Pesek on Asia: 89 Billion Reasons
Good morning. Here's my take on some of the stories driving the debate in politics, finance and social issues across Asia today:
Asia's $89 billion loss is no one's gain
Neglecting the so-called weaker sex is obviously bad economics. In Asia's case, the numbers are appalling: According to the United Nations, gender discrimination accounts for an eye-popping loss of $89 billion a year in unrealized output. That figure should be used early and often to shame Asian leaders into empowering women. A region struggling to raise many of its nearly 3 billion people out of poverty can't afford to squander roughly the annual gross domestic product of Slovakia. Simon Ogus of consultancy firm DSGAsia calls Asia’s failure to tap the potential of educated women a “self-inflicted wound.” It's completely unnecessary, too.
Why U.S shutdown has India worried
As Americans wring their hands over lawmakers in Washington allowing their government to shut down, investors in far off places are assessing the fallout. Nearly 8,000 miles away in Mumbai, India's stock punters are bracing for reduced capital inflows from the world's biggest economy. The world has grown used to political dysfunction in Washington. But self-imposed financial gridlock that has a chilling effect on the world economy? Not so much. Indian markets avoided a big stumble today on news the nation's current-account gap widened by less than economists forecast. Tomorrow could be a very different story.

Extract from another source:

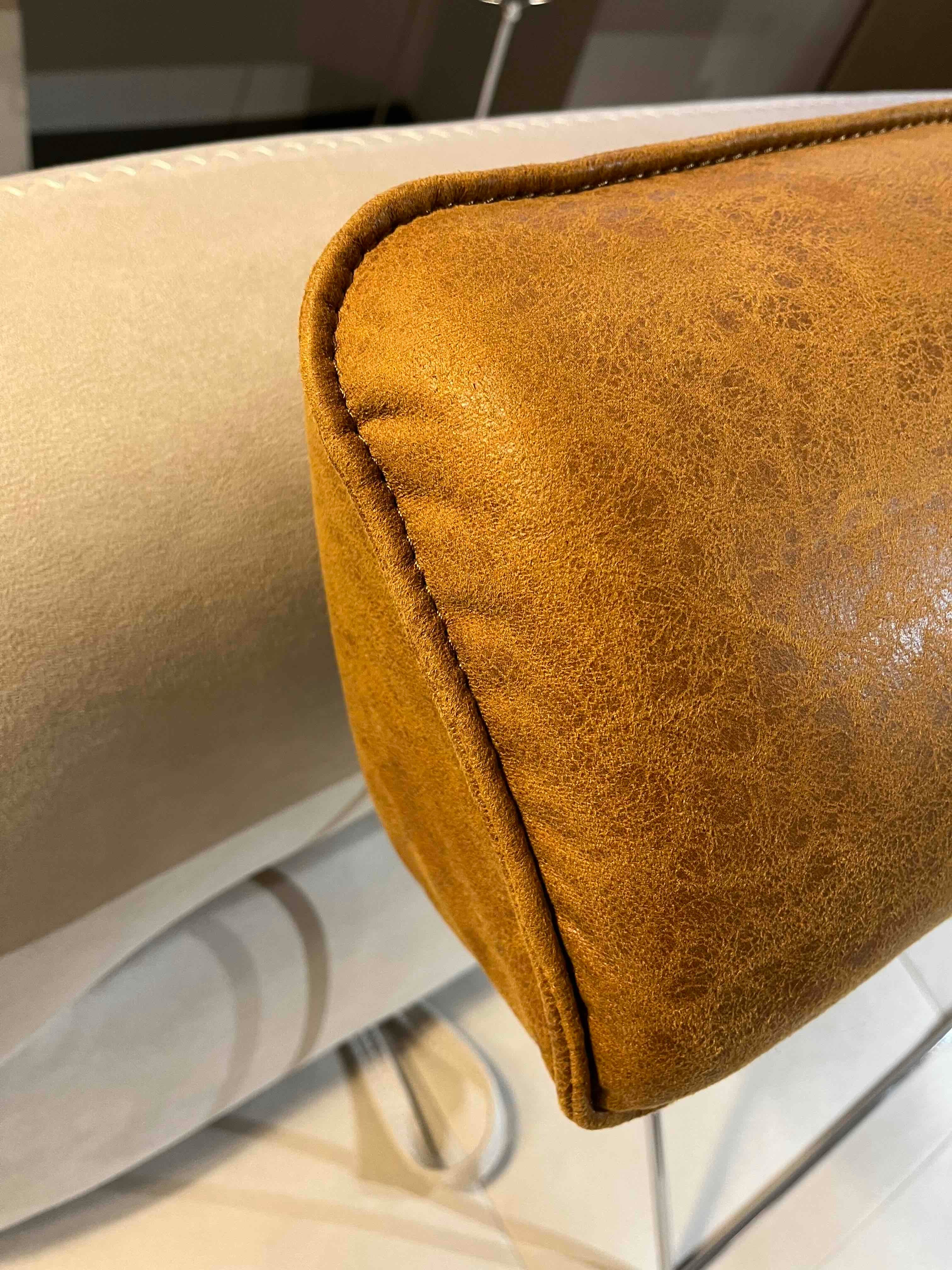 生地は革でも布でもない新素材、LEATHERTEX®。深みのあるアニリンレザーのような雰囲気が上質でハイセンスな印象の生地。しなやかで柔らかい肌触りです。

Will Tokyo Olympics empower Japan's right?
American-turned-Japanese author and activist Debito Arudou is a constant thorn in the side of nationalist politicians. His blog items and columns pull no punches and his latest, headlined "Triumph of Tokyo Olympic Bid Sends Wrong Signal to Japan’s Resurgent Right," is raising blood pressures in Nagatacho, Tokyo’s Capitol Hill. But his concerns that euphoria over the Olympics will detract attention from the nuclear crisis in Fukushima and rebuilding efforts in earthquake-ravaged Tohoku are widely shared in Japan. His warning that hosting the 2020 Olympics will encourage Japan to flex its muscles in a tense North Asia deserves equal attention.
International executives, meet Chairman Mao
For all the talk of China racing forward, many elements of its political culture appear to be moving backward. Beijing's ever-expanding crackdown on the Internet is the most obvious example. But the Wall Street Journal has an interesting piece on how the biggest multinational companies are running into Mao Zedong-era politics. It details how China's intensifying crackdown on corruption and price-fixing has taken on an anti-foreigner edge. Sure leaves you wondering whether China is declaring war on the companies it once wooed. Worse, it suggests Beijing is more interested in weeding out graft among expatriate executives than the Chinese ones doing business with them.
Thailand quietly pulls out of the red
As investors debate which economies are vulnerable to another 1997-like crack up, Thailand is quietly taking itself off the list. It posted a convincingly large current-account surplus for August -- $1.3 billion -- and should benefit from renewed capital inflows. Challenges still abound for Prime Minister Yingluck Shinawatra, including reducing budget-busting subsidies on rice and other commodities. But by shoring up its economy ahead of the Federal Reserve's monetary tapering process, Thailand is confounding naysayers and setting the stage for healthier growth.